Chaler Payesh

Chaler payesh — Bengali rice pudding with date palm jaggery, River Delta

Rice pudding cooked in whole milk with date palm jaggery — chaler payesh — is the ritual sweet of the Bengali life cycle. It is made for births, for the thread ceremony, for the first day of a child’s education.

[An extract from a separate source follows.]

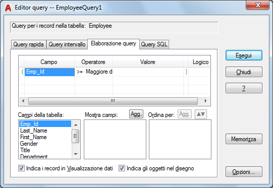 Consente di selezionare uno o più campi da includere nella query. Fare doppio clic sulla cella Campo della riga corrente per visualizzare l'elenco dei campi disponibili della tabella di database corrente che è possibile utilizzare per creare la query. Per aggiungere un altro parametro, specificare un operatore e un valore per la riga corrente, quindi selezionare la cella Logico.

The date palm jaggery — nolen gur — is the ingredient that separates this from every other rice pudding on the subcontinent: its caramel and molasses notes are irreplaceable. The payesh is always served cold, always in small earthenware cups.

Zone: River Delta
SOURCE: Translated from a recipe shared by a home cook from Murshidabad district, West Bengal, on a Bengali-language food blog, 2018.
LOCAL NAME: চালের পায়েস
Servings 4
Prep Time 10 minutes
Cook Time 1 hour

INGREDIENTS 

  • 1 litre whole milk
  • 75 g gobindobhog rice (or pudding rice — see notes)
  • 100 g nolen gur (date palm jaggery, grated or broken into pieces (or light brown sugar — see notes))
  • 2 green cardamom pods (lightly crushed)
  • 1 bay leaf
  • 1 tbsp sugar (to balance if using nolen gur)
  • Pinch of salt

METHOD 

  • Wash the rice and soak for 20 minutes. Drain.
  • Bring the milk to a boil in a heavy-based pan over medium heat, stirring frequently to prevent a skin forming. Add the bay leaf and cardamom pods.
  • Add the drained rice. Reduce to a low simmer. Cook uncovered for 40–45 minutes, stirring every few minutes, until the rice is completely soft and the milk has reduced by roughly one third. The consistency should be loose and flowing — it will thicken further as it cools.
  • Remove from heat. Add the nolen gur and the pinch of salt. Stir gently until dissolved. Do not return to heat after adding the jaggery — it can cause the milk to split.
  • Taste and adjust sweetness. Add the tablespoon of white sugar if a cleaner sweetness is needed alongside the jaggery.
  • Remove the bay leaf and cardamom pods. Pour into a wide shallow serving bowl. Serve warm or at room temperature. Chaler payesh is never served straight from the fridge.
Start Cooking

NOTES

UK adaptation: Gobindobhog rice from South Asian grocers — increasingly available online. Pudding rice is an acceptable substitute; the fragrance is lost but the texture is correct. Nolen gur from South Asian grocers in winter months (November–February), or from specialist online retailers year-round. Light brown sugar or jaggery powder as substitute — the flavour profile changes significantly but the dish remains good.
US adaptation: Gobindobhog rice from Patel Brothers or Bengali grocery stores. Pudding rice or Arborio as substitute. Nolen gur from Patel Brothers, Indian grocery stores, or online from specialty South Asian retailers. The winter availability limitation applies equally in the US — stock up when it appears.
Cook’s note: The jaggery must go in off the heat. Adding it while the milk is still boiling will split the pudding. If this happens, the flavour is unaffected but the texture is lost.